▶ **Exercise objective**
When you copy from the entries that follow, take only the lines from the one with "Researchers analyzed the" down to the one with "为全面落实立德树人根本任务,充分发挥耕读", keeping both ends and dropping every picture.

▶ **Available records**
---
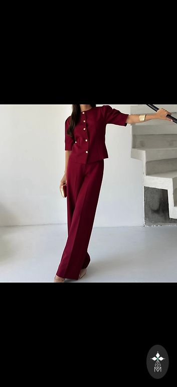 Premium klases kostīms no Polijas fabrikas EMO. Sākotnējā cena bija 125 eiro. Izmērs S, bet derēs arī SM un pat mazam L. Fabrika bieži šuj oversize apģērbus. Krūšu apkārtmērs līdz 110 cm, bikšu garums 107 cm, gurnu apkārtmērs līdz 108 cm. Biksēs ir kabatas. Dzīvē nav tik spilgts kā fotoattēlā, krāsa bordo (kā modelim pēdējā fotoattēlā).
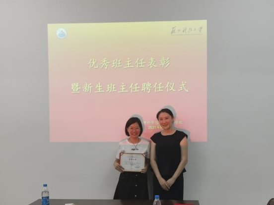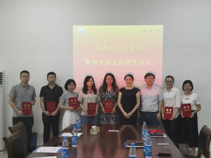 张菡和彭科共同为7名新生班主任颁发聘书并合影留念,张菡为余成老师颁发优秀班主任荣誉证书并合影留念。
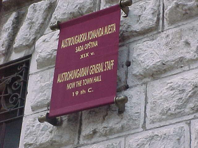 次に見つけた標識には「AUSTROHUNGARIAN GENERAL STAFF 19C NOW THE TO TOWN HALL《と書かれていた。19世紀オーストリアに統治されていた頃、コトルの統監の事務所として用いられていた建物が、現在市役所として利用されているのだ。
---
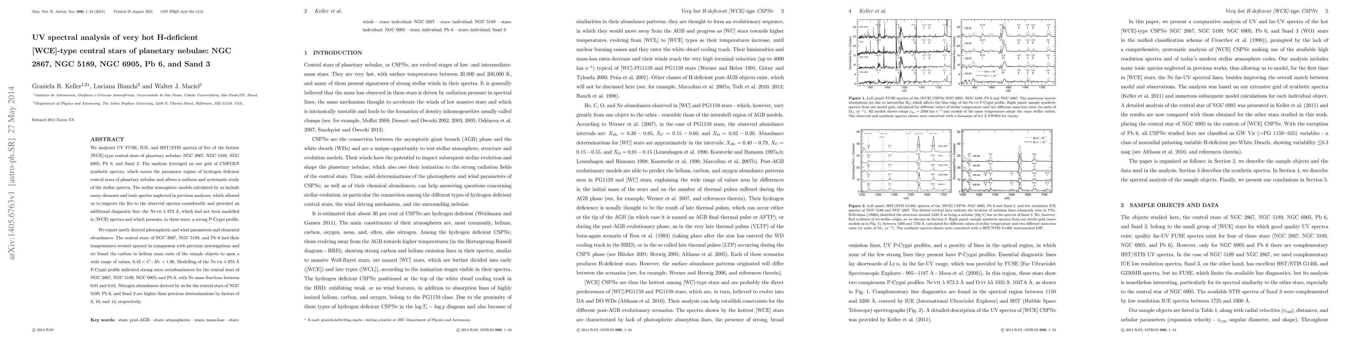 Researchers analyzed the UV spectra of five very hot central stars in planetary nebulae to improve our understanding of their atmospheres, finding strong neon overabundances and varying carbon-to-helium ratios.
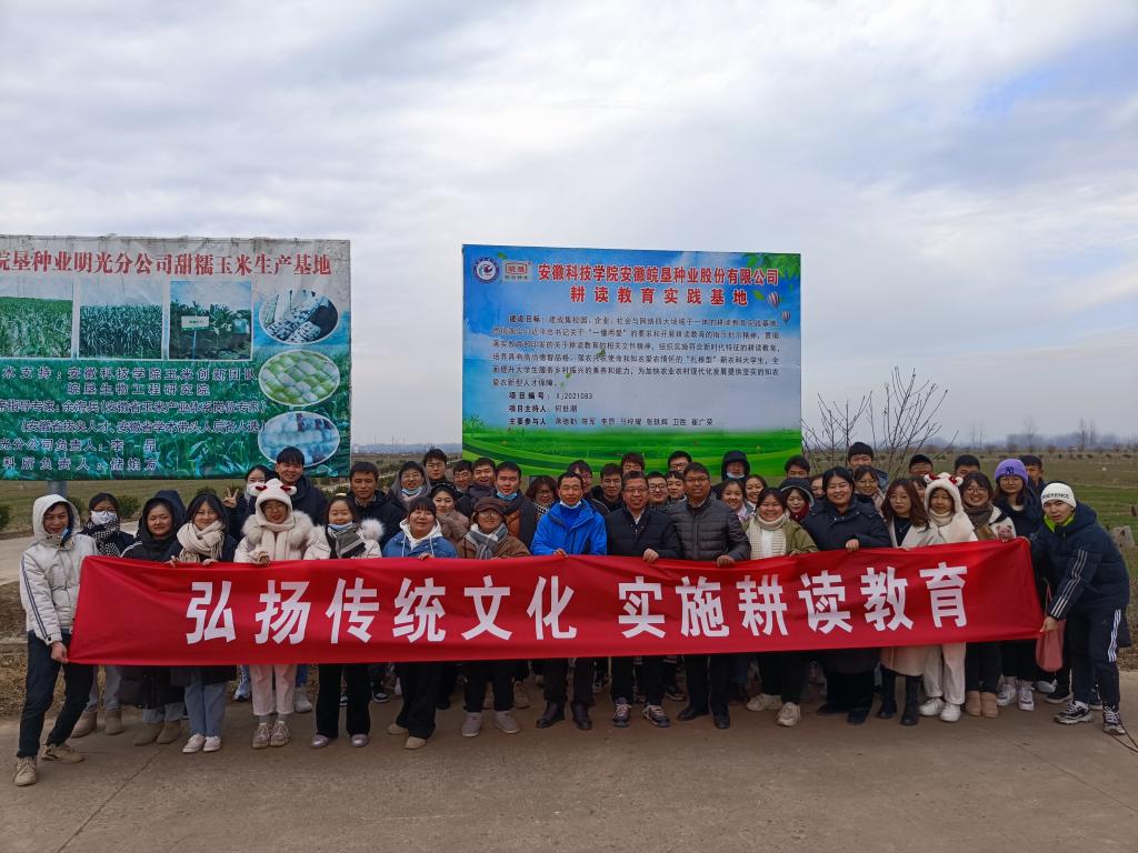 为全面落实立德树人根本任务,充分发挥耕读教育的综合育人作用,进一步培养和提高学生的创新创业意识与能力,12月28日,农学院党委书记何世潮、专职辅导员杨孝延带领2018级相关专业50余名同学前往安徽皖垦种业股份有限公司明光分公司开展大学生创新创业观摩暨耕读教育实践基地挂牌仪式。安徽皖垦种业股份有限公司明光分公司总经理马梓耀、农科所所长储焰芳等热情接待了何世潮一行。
---
▶ **Worked solution**
 Researchers analyzed the UV spectra of five very hot central stars in planetary nebulae to improve our understanding of their atmospheres, finding strong neon overabundances and varying carbon-to-helium ratios.
 为全面落实立德树人根本任务,充分发挥耕读教育的综合育人作用,进一步培养和提高学生的创新创业意识与能力,12月28日,农学院党委书记何世潮、专职辅导员杨孝延带领2018级相关专业50余名同学前往安徽皖垦种业股份有限公司明光分公司开展大学生创新创业观摩暨耕读教育实践基地挂牌仪式。安徽皖垦种业股份有限公司明光分公司总经理马梓耀、农科所所长储焰芳等热情接待了何世潮一行。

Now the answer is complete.